* _Given entries_
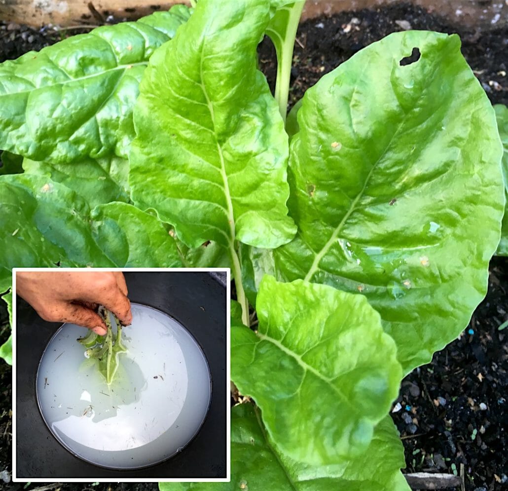 Vi var slett ikke sikre på om de kom til å tåle behandlingen, men to uker senere vokser de sommersådde mangoldene så det knaker. De er kraftige og mektig grønne, som Mangold av typen «Fordhook Giant» skal være. Og uten lus.
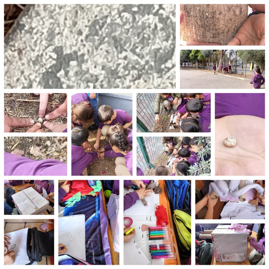 Ardından yaratıcı tasarım aşamasında öğrenciler topladıkları doğal malzemeleri çizim araçlarıyla birleştirerek kendi hayali canlılarını oluşturdular. Öğretmen, canlıların özellikleri — ne yedikleri, nasıl savunma geliştirdikleri, nasıl hayatta kaldıkları — hakkında yönlendirici sorular sorarak süreci destekledi. Böylece çocuklar ekolojik bilgileri eğlenceli bir şekilde uyguladı.
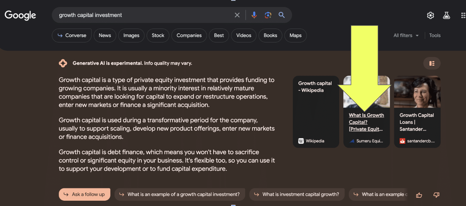 彼らが公開したこの成長資本投資に関する記事は、SME がホストするポッドキャストを拡大したものです。 この記事はトラフィックを促進し、Google の生成 AI 検索エクスペリエンスにおけるカルーセル ランキングをキャプチャします。
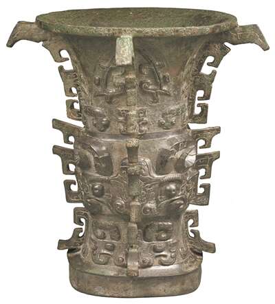 何尊。西周早期的青铜酒器,器型上圆下方,体现古人“天圆地方”的宇宙观。腹底有铭文12行122字,其中的“宅兹中国”是“中国”一词最早的文字记载。图片为陕西宝鸡青铜器博物院提供
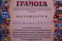 30 марта 2016 года на базе Гимназии № 5 города Зеленодольска прошел муниципальный этап республиканской военно-спортивной игры "Зарница – 2016. Учащиеся в возрасте 14-15 лет соревновались в таких конкурсах, как стрельба из пневматической винтовки, неполная разборка - сборка автомата АК-74, отжимания (у девушек) и подтягивания (у мальчиков), а также конкурс на знание истории и визитка.
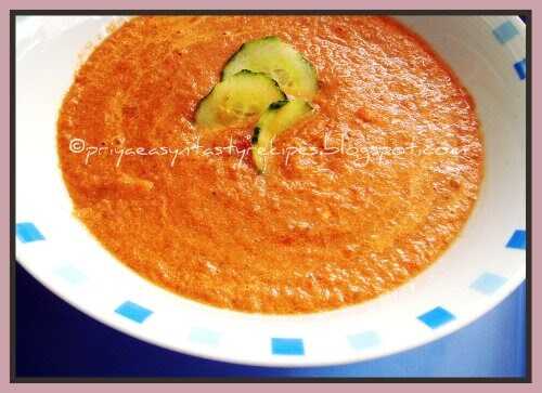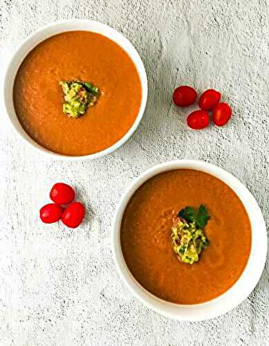 Gazpacho is a classic, chilled, healthy Spanish soup mainly made with fresh tomatoes, red peppers and cucumbers.
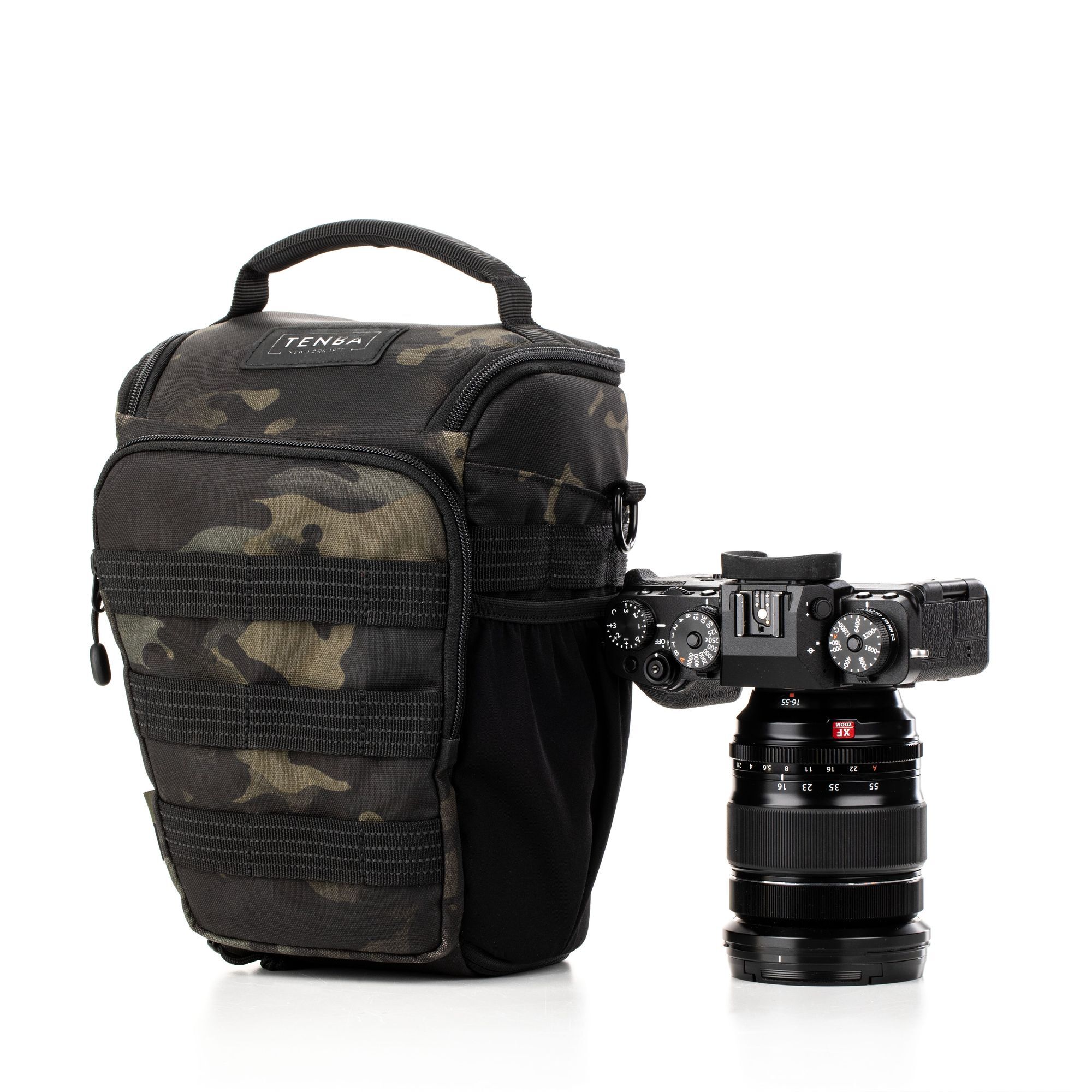 В стандартном виде холстер Tenba Axis v2 предназначен для беззеркальной или зеркальной цифровой камеры с установленным объективом 24-70. Также подходит для переноски DJI Mavic и других компактных дронов. Расстегнув молнию на дне холстера, вы можете установить камеру с объективом 70-200 или 24-70 не снимая бленду.
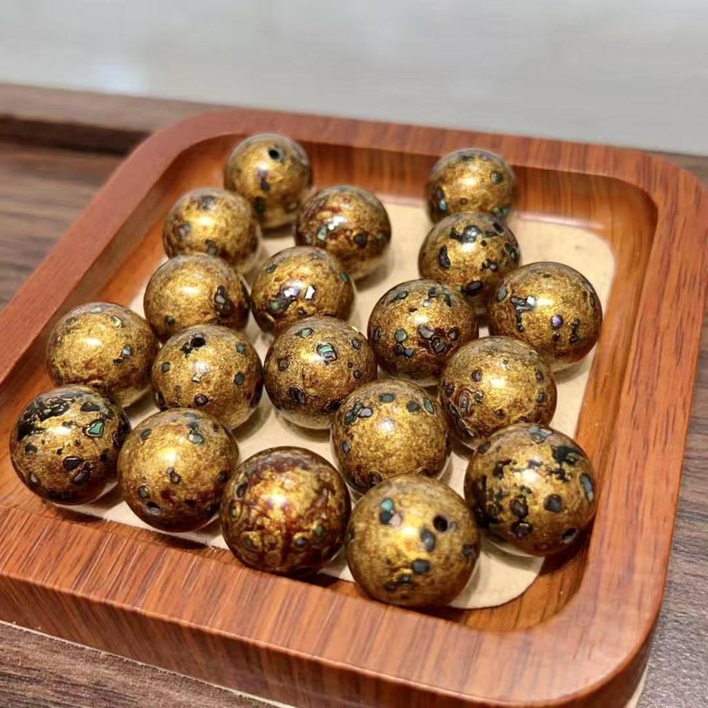 This exquisite collection of bracelet beads is meticulously crafted to reflect a deep cultural significance and artistic mastery. Each bead is adorned with golden yellow mother-of-pearl inlays, showcasing a flawless shine that enhances its intricate design. The lacquer finish provides a delicate yet durable surface, making it a perfect piece for those who appreciate the fusion of spirituality and elegance. Representing intangible cultural heritage, these beads serve as a timeless addition to any jewelry collection, ideal for meditation or simply as a symbol of refined craftsmanship.
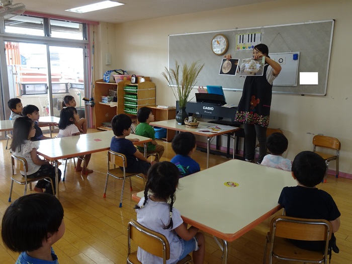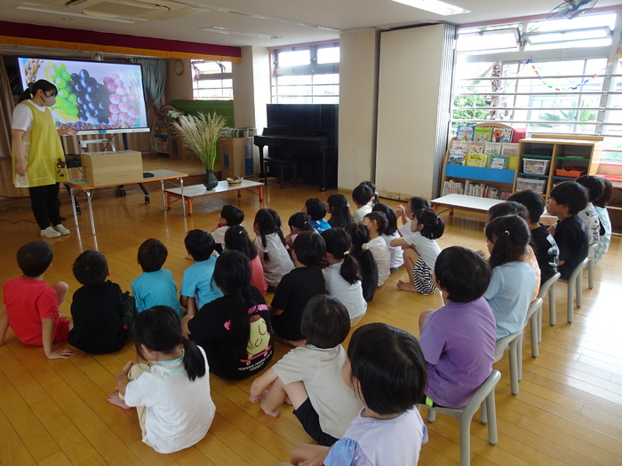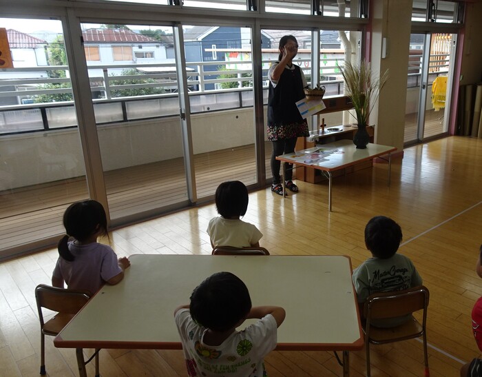 各クラスでお月見の会があり、由来についてお話を聞きました。 午後のおやつは、かわいいお月見ゼリーでした! きれいなお月様がみえますように・・・ | ||
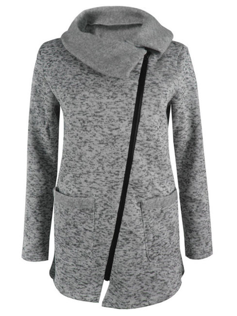 - Grey Shawl Collar Long Casual Plain Zipper Hoodie (Style V100689)
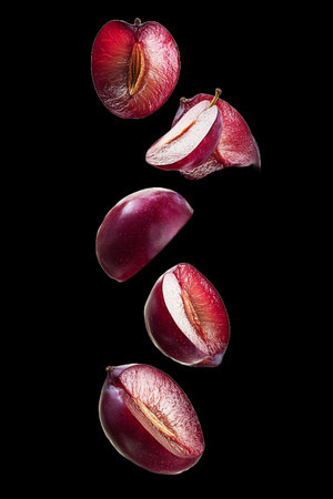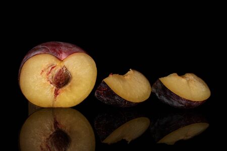 Group of one whole two halves of fresh purple plum isolated on black glass
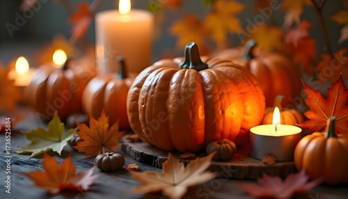Many small pumpkins and candles arranged on a wooden table, creating a festive autumn decoration for holiday celebrations, cozy and seasonal
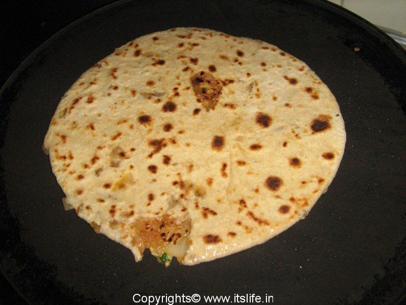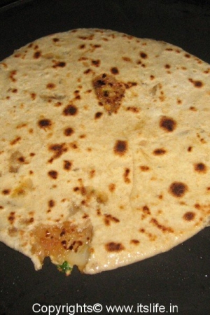 Heat a griddle and roast the paratha/bread on both sides sprinkling Oil.

* _Brief_
Pictures are to be left out; repeat all the remaining data exactly.

* _Answer to the exercise_
 Vi var slett ikke sikre på om de kom til å tåle behandlingen, men to uker senere vokser de sommersådde mangoldene så det knaker. De er kraftige og mektig grønne, som Mangold av typen «Fordhook Giant» skal være. Og uten lus.
 Ardından yaratıcı tasarım aşamasında öğrenciler topladıkları doğal malzemeleri çizim araçlarıyla birleştirerek kendi hayali canlılarını oluşturdular. Öğretmen, canlıların özellikleri — ne yedikleri, nasıl savunma geliştirdikleri, nasıl hayatta kaldıkları — hakkında yönlendirici sorular sorarak süreci destekledi. Böylece çocuklar ekolojik bilgileri eğlenceli bir şekilde uyguladı.
 彼らが公開したこの成長資本投資に関する記事は、SME がホストするポッドキャストを拡大したものです。 この記事はトラフィックを促進し、Google の生成 AI 検索エクスペリエンスにおけるカルーセル ランキングをキャプチャします。
 何尊。西周早期的青铜酒器,器型上圆下方,体现古人“天圆地方”的宇宙观。腹底有铭文12行122字,其中的“宅兹中国”是“中国”一词最早的文字记载。图片为陕西宝鸡青铜器博物院提供
 30 марта 2016 года на базе Гимназии № 5 города Зеленодольска прошел муниципальный этап республиканской военно-спортивной игры "Зарница – 2016. Учащиеся в возрасте 14-15 лет соревновались в таких конкурсах, как стрельба из пневматической винтовки, неполная разборка - сборка автомата АК-74, отжимания (у девушек) и подтягивания (у мальчиков), а также конкурс на знание истории и визитка.
 Gazpacho is a classic, chilled, healthy Spanish soup mainly made with fresh tomatoes, red peppers and cucumbers.
 В стандартном виде холстер Tenba Axis v2 предназначен для беззеркальной или зеркальной цифровой камеры с установленным объективом 24-70. Также подходит для переноски DJI Mavic и других компактных дронов. Расстегнув молнию на дне холстера, вы можете установить камеру с объективом 70-200 или 24-70 не снимая бленду.
 This exquisite collection of bracelet beads is meticulously crafted to reflect a deep cultural significance and artistic mastery. Each bead is adorned with golden yellow mother-of-pearl inlays, showcasing a flawless shine that enhances its intricate design. The lacquer finish provides a delicate yet durable surface, making it a perfect piece for those who appreciate the fusion of spirituality and elegance. Representing intangible cultural heritage, these beads serve as a timeless addition to any jewelry collection, ideal for meditation or simply as a symbol of refined craftsmanship.
 各クラスでお月見の会があり、由来についてお話を聞きました。 午後のおやつは、かわいいお月見ゼリーでした! きれいなお月様がみえますように・・・ | ||
 - Grey Shawl Collar Long Casual Plain Zipper Hoodie (Style V100689)
 Group of one whole two halves of fresh purple plum isolated on black glass
Many small pumpkins and candles arranged on a wooden table, creating a festive autumn decoration for holiday celebrations, cozy and seasonal
 Heat a griddle and roast the paratha/bread on both sides sprinkling Oil.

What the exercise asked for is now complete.